Martin Huber ist überzeugt, dass dieses moderne Milchkuhhaltungssystem dem Auftrag des Arenenbergs als Bildungs- und Beratungszentrum gerecht wird. Zum Beispiel mit dem Kompostierungsstall, den es noch selten gibt. «Dieser erfordert eine spezielle Pflege und Bewirtschaftung, die wir erproben wollen», erklärt er. «Die Einstreu sollte zusammen mit den Ausscheidungen der Tiere innerhalb eines halben Jahres kompostiert sein. Auch auf das Zusammenspiel von Melkroboter und permanentem Weidzugang ist er gespannt.

Erfahrungen sammeln


Dass es nun gleich ein hochmodernes Haltesystem mit nicht ganz günstigen Investitionen sein soll, hat seine guten Gründe. «Unsere Aufgabe ist es, junge Menschen für die Landwirtschaft zu motivieren und auszubilden», sagt er. «Deshalb ist es wichtig, dass wir mit diesem neuen Kompostierungsstall Erfahrungen sammeln und diese weitergeben können, so wie wir dies bereits Ende der 1980er-Jahre mit dem damals neuartigen Laufstall tun konnten.» 

Huber weiss aber auch, dass dadurch die Zusammenarbeit mit Agroscope in Tänikon intensiviert wird. Dorthin werden die Tiere während der Bauzeit als Kühe für einen Weideversuch in den  Emissionsversuchsstall gebracht. Der Arenenberger Stall wird zudem eine ideale Ergänzung zu den dortigen Versuchsställen. «Dieser neue Stall ist für alle, die mit Bildung, Beratung und praxisnaher Forschung etwas zu tun haben, ein Meilenstein. Er ist ein wichtiger Baustein für die Zukunft.» 

Aber auch Hansjörg Hauser freut sich. Er arbeitet seit 1991 für den Betrieb und leitet ihn seit einem Jahr. «Es macht grosse Freude, bei einem so wichtigen Projekt dabei zu sein», sagt er.
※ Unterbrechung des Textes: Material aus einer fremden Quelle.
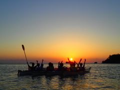 海の上から夕日を楽しむ贅沢なシーカヤック体験
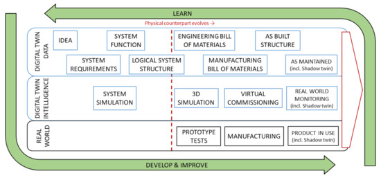 Digital twin-based product lifecycle management from product idea to product in use. The accumulating knowledge is used to develop and improve the product and to learn how to make future products better [49].

Allerdings müssen sich die beiden noch etwas gedulden, denn der Baubeginn soll in der zweiten Hälfte 2019 erfolgen. Der Bezug ist im Lauf von 2020 vorgesehen.

Projekt im Jahr 2015 in Kritik

Der Stallneubau am landwirtschaftlichen Bildungs- und Beratungszentrum Arenenberg TG löste 2015 scharfe Kritik aus. Das Projekt sei zu teuer, wurde moniert. Das Projekt wurde überarbeitet.

Das Neubauprojekt, konzipiert als Laufstall, sollte rund 60 Tieren Platz bieten und den aktuellen Anforderungen entsprechen. Der Kanton hatte im Finanzplan dafür 2,8 Mio. Franken eingestellt. Das sei viel zu viel, monierten Kritiker im Januar 2015. «Einen normalen Laufstall kann man für die Hälfte bauen», führte Kantonsrat Moritz Tanner (SVP, Winden) damals aus. Der Kanton solle kein Stall bauen, der sich in der Praxis kein Bauer leisten könne.

Das Projekt wurde in der Folge überarbeitet. Ursprünglich war ein Standort in der Landwirtschaftszone vorgesehen. Auf Einwand des Amts für Raumentwicklung wurde beschlossen, den neuen Stall anstelle des alten zu bauen.